Saturday, October 29, 2011

"Silver Threads Among the Gold," mega hit of 1873 and 1907

When I began researching our “Greatest Hits of the 20th Century” program a few years ago, I came across an old song called “Silver Threads among the Gold” that was apparently a mega hit during the late 19th century and was revived to nearly-similar success in the early 20th.

While performing this song to groups of seniors, we’ve discovered that “Silver Threads” must have had an extremely long shelf life: most of the audience members -- the eldest of them having been born no earlier than 1920 and so having coming into musical congnizance no earlier than 1930 – all sing the song with us from memory.

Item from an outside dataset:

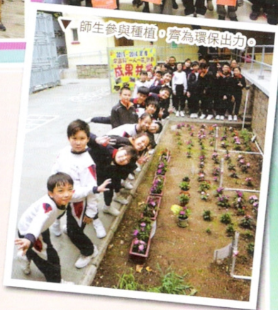
▽ 師生參與種植，齊為環保出力。

為使學生在德、智、體、群、美和靈六育上得到全人發展，學校提供不同性質的興趣班，如跆拳道班、拉丁舞班、小提琴班、珠心算班、3D 動畫製作班、機械人製作班、創意繪畫班、奧林匹克數學班、英語拼音及戲劇班、球類訓練班、藝術體操班、冰球訓練班及游泳訓練班等，由專業導師負責指導，以培養學生不同的技能和情操。本校拉丁舞班學生曾多次參加對外比賽，其中在「金鑽杯系列亞洲公開賽：全港兒童及青少年明日之星選拔賽」及「第 21 屆 IDTA CUP」比賽中，囊括多個獎項。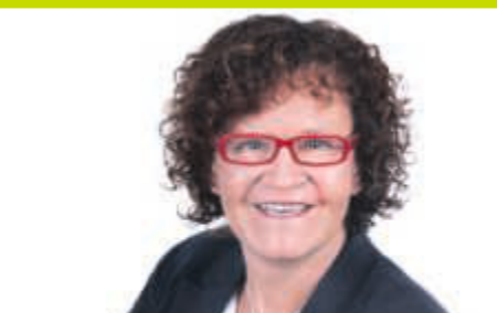
Kandidatenvorstellung zur BM-Wahl in Gaiberg

In other words, this is one of those songs that, in the form of sheet music, must have graced every piano in every parlor in every home in America at one point in our nation’s cultural history. Even at the initial selling price of 3 ½ cents per sheet music, this song made someone a lot of money but that someone was neither the lyricist nor the composer.

Eben E. Rexford published the poem in a Wisconsin farm journal where it was seen by composer Hart Pease Danks who purchased it – with several other Rexford poems – from its grateful author for three dollars. Danks set it to music in 1872 and in turn sold it for a few dollars more to a publisher who made much more than a few dollars on it, money that he didn’t share with Danks who died in abject poverty a few decades later. “Silver Threads” sold two million copies of sheet music – the 19th century measure for a song’s popularity -- beginning in 1873 and then one million more when it was revived in 1907.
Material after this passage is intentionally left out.